This folder includes code for training and evaluating DINO variants based on customizations of dino and ssl-transfer.
We support training DINO on folder-based image datasets (e.g., ImageNet and rearranged LAIONet) and csv-based datasets (e.g., ImageNet-Captions and LAIONet subsets). The example scripts use the former by default.
For transfer learning evaluation, we support 12 downstream datasets, including CIFAR10/100, Aircraft, Birdsnap, Caltech101, Cars, DTD, Flowers, Food, Pets, SUN397, and VOC. Please download the datasets following the instructions in ssl-transfer, and the resulting file structure should follow details in config.py.
Existing environment used for SL and CLIP training should be sufficient. Please refer to the README for reference.

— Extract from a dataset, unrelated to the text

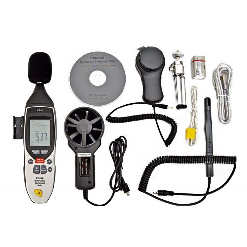 - Цифровой многофункциональный измеритель параметров окружающей среды 5 в 1 объединяет в себе функции шумомера, люксметра, гигрометра, термометра и термоанемометра в режимах CFM / CMM.

We privide example scripts to replicate our experiments in the scripts folder. This includes training DINO on ImageNet and LAIONet, with different numbers of prototypes (fixed), or different numbers of prototypes to sample from the 65536 ones when computing the loss. We train with 8 GPUs by default. Checkpoints are saved to the output folder by default.
After training is done, first convert the checkpoint to desiered format by running the following command:
python convert_dino_ckpt.py --model $PATH_TO_CHECKPOINT
By default, the converted checkpoint named dino.pth
will be saved to the same directory as the original checkpoint.
Then, run the following command to evaluate the checkpoint on downstream datasets with linear probing:
python scripts/run_linear_transfer.sh $PATH_TO_CHECKPOINT $DATASET_NAME # e.g., cifar10
The results will be saved to linear.csv
in the same directory as the checkpoint file.
Note that the scripts also supports evaluating SL and CLIP checkpoints, and few-shot/fully fine-tune evaluations. Feel free to explore the code.